Naukowcy: Pogoń za promocjami kończy się otyłością
Handel ma bardzo często niezdrowe artykuły spożywcze w promocjach. Dlatego łowcy okazji mają nadwagę.
Dwa batoniki w cenie jednego, rodzinne opakowanie chipsów czy zgrzewka napoju energetyzującego w supercenie: bardzo często artykuły spożywcze z wysoką zawartością tłuszczu, cukru czy soli znajdują się w promocjach supermarketów. Ale jak wynika z najnowszych badań brytyjskich naukowców, łowcy takich okazji bardzo często mają nadwagę, czy są wręcz otyli.
Ten związek stwierdzili naukowcy z brytyjskiej fundacji Cancer Research UK. Ich praca badawcza wykazała, że połowa całej nabywanej czekolady, chipsów, popcornu i innych chrupek była kupiona po okazyjnych cenach. Dla autorów badań jest to niepokojące także dlatego, że nadwaga jest wysokim czynnikiem ryzyka 13 rodzajów nowotworów. Eksperci domagają się więc, by ustawowo ograniczyć tego rodzaju sklepowe oferty.
W trakcie badań naukowcy przeanalizowali dane pochodzące z 16 tys. brytyjskich gospodarstw domowych, uwzględniając dokonywane zakupy oraz czynniki demograficzne i socjoekonomiczne oraz wzrost i wagę osób robiących zakupy.

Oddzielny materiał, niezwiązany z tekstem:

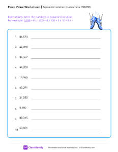 This worksheet helps students practice writing numbers up to 100,000 in expanded notation. Worksheet instructions: Write the numbers in expanded notation. For example: 6,458 = 6 x 1,000 + 4 x 100 + 5 x 10 + 8 x 1
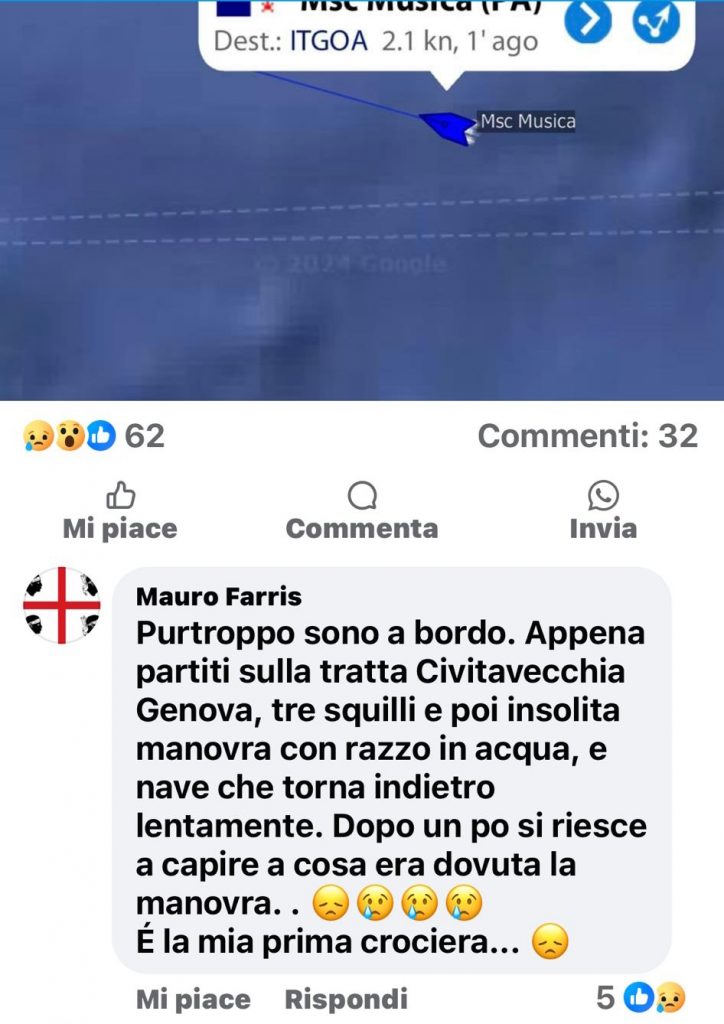 Proprio ieri sera sui social si era diffusa la voce di un uomo caduto in mare che si trovava a bordo della MSC Musica partita dal porto di Civitavecchia.
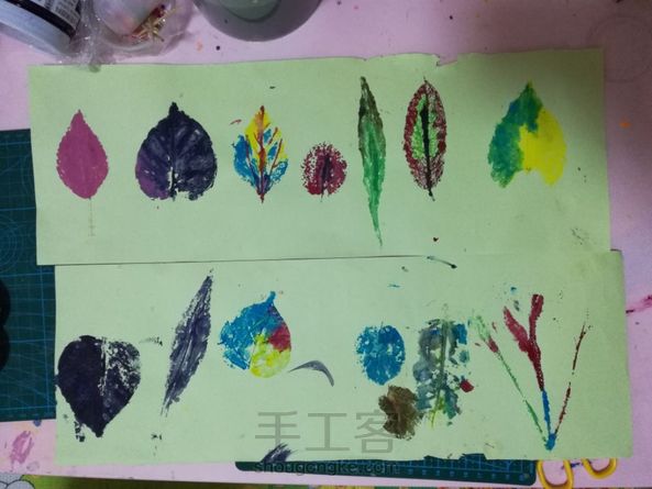 和孩子去花园摘的叶子,有了上次的经验,我俩这次的作品都好多了
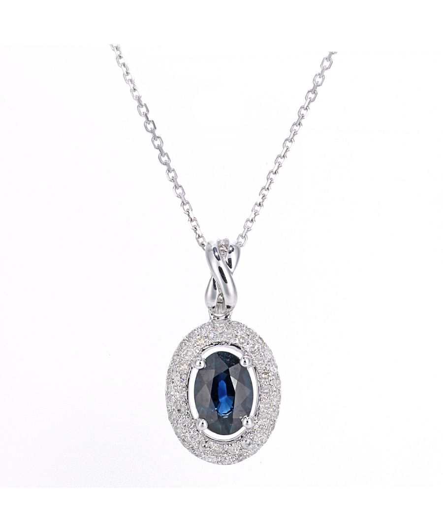 9ct witgouden halsketting met ovale hanger met diamant en saffier
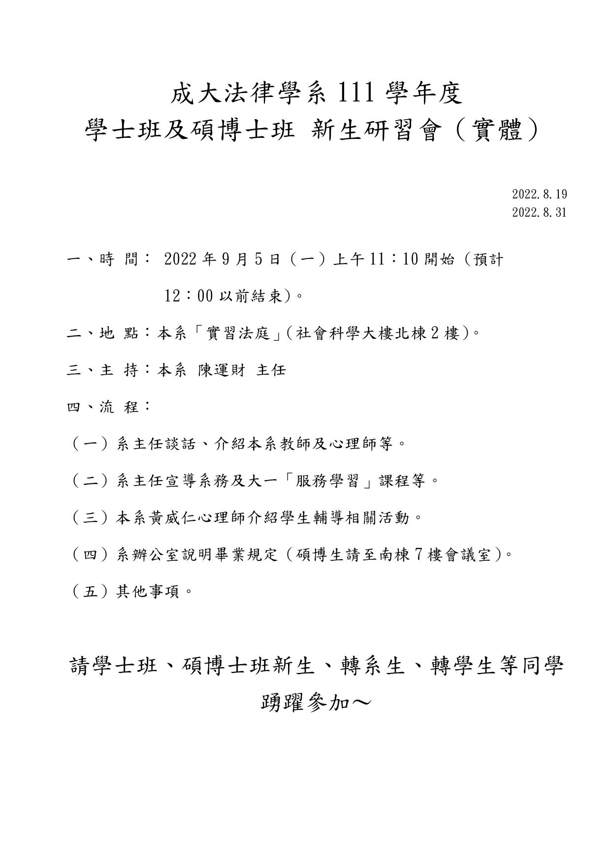 歡迎參加本系111學年度學士班及碩博士班 新生研習會 (111.9.5)
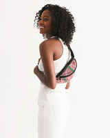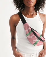 Sling belt bag with zipper openings and featuring Heritage Stripes & Links Rosea print. Bag can be worn around the waist or over the shoulder as a sling style.
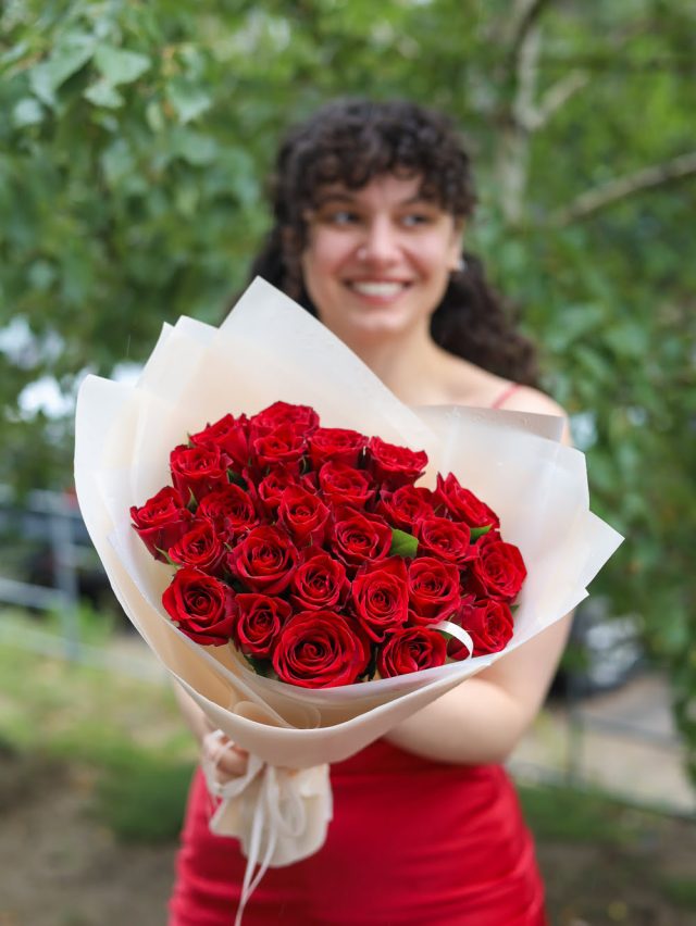 Очаровательный букет из 25-ти красных роз в стильном оформлении.
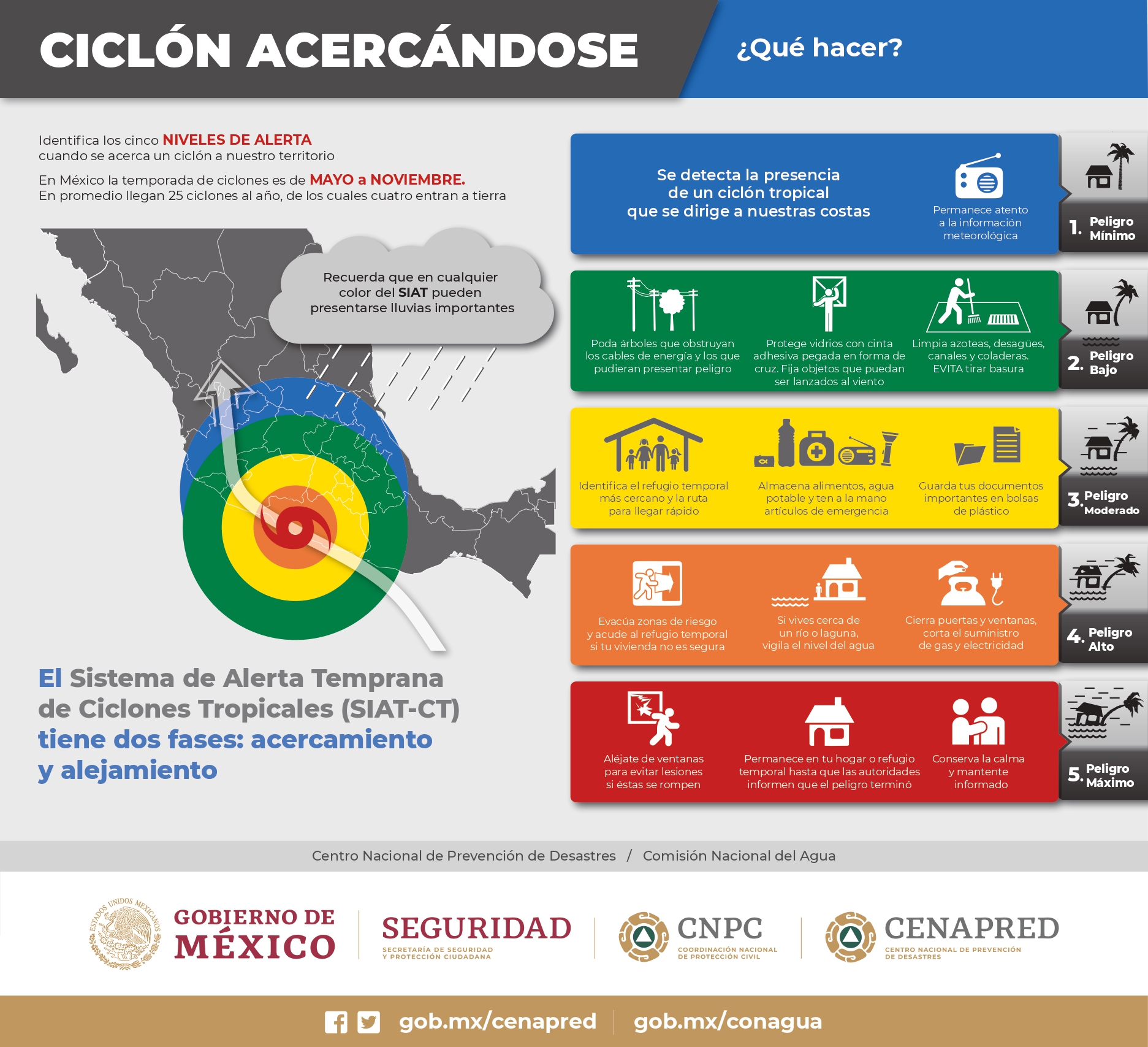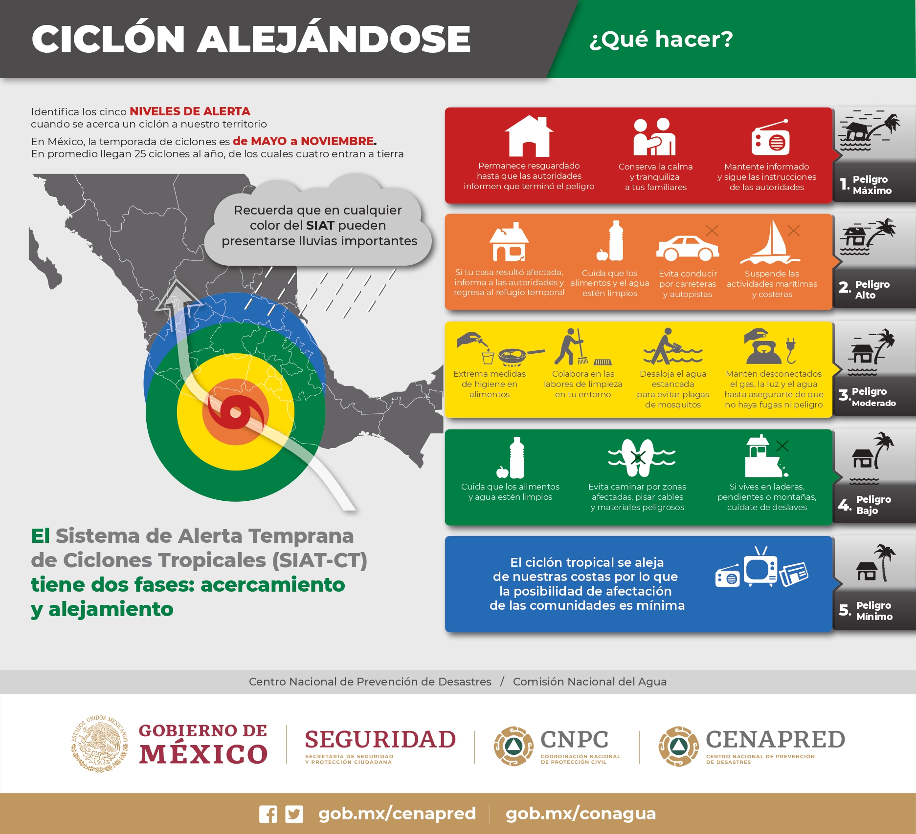 - UNIDADES ESTATALES DE PROTECCIÓN CIVIL – Atender la evolución de este ciclón tropical, notificar a integrantes del SINAPROC en ámbitos estatales y municipales, así como considerar las siguientes recomendaciones de acuerdo al nivel de alerta del Sistema de Alerta Temprana para Ciclones Tropicales (SIAT-CT):
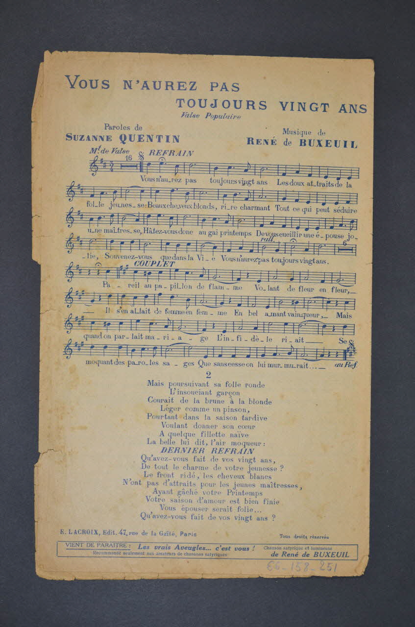 De : Lieu : France - Île-de-France - ParisVous n'aurez pas toujours vingt ans // J'ai tout donné pour toi / Vous n'aurez pas toujours vingt ans / J'ai tout donné pour toi / J'ai tout donné pour toi

Naukowcy podzielili ich na cztery grupy, w zależności od tego, jaki był w ich zakupach udział artykułów z promocji. Wynik analizy: w grupie, która szczególnie często sięgała po promocje, 72 proc. ludzi miało nadwagę. W grupie, która rzadziej sięgała po artykuły z promocji, nadwagę miało 64 proc. Jeszcze większa była rozbieżność między osobami, które były otyłe , czyli miały dużą albo chorobliwą nadwagę. Odsetek otyłych łowców okazji był tam o 28 proc. wyższy niż w grupie osób, która rzadziej sięgała po artykuły z promocji.
Produkty, które znalazły się w koszykach łowców okazji, zawierały generalnie więcej cukru i mniej błonnika niż w zakupach innych konsumentów.
Linda Bauld, ekspertka ds. prewencji z Cancer Research UK, komentując wyniki badań, podkreśla, że w promocjach oferuje się ludziom ogrom kuszących, ale niezdrowych produktów spożywczych i napojów. Przy tak niskich cenach czekolady, słodyczy i lemoniady nikogo nie powinno dziwić, że ludzie kupujący artykuły z promocji mają dużo większe prawdopodobieństwo utycia.
Naukowcy podkreślają, że wyniki badań wskazują, jakim zagrożeniem dla dzieci jest częste sięganie po promocje. Już teraz w Wielkiej Brytanii co 5. uczeń szkoły podstawowej ma nadwagę, a w szkołach średnich nawet co trzeci. Innym powodem, dlaczego brytyjscy naukowcy ostrzegają przed następstwami zakupu towarów z promocji jest to, że nadwaga uważana jest za czynnik ryzyka wystąpienia 13 różnych rodzajów raka, w tym raka jelit i piersi.
Przypuszcza się, że nadprodukcja hormonów pobudza rozrost komórek rakowych. Dlatego tak ważne byłoby ułatwienie klientom dokonywanie zdrowego wyboru podczas zakupów. Korzystne byłoby wprowadzenie specjalnych oznakowań i ustawowe ograniczenie promocji niezdrowych artykułów spożywczych.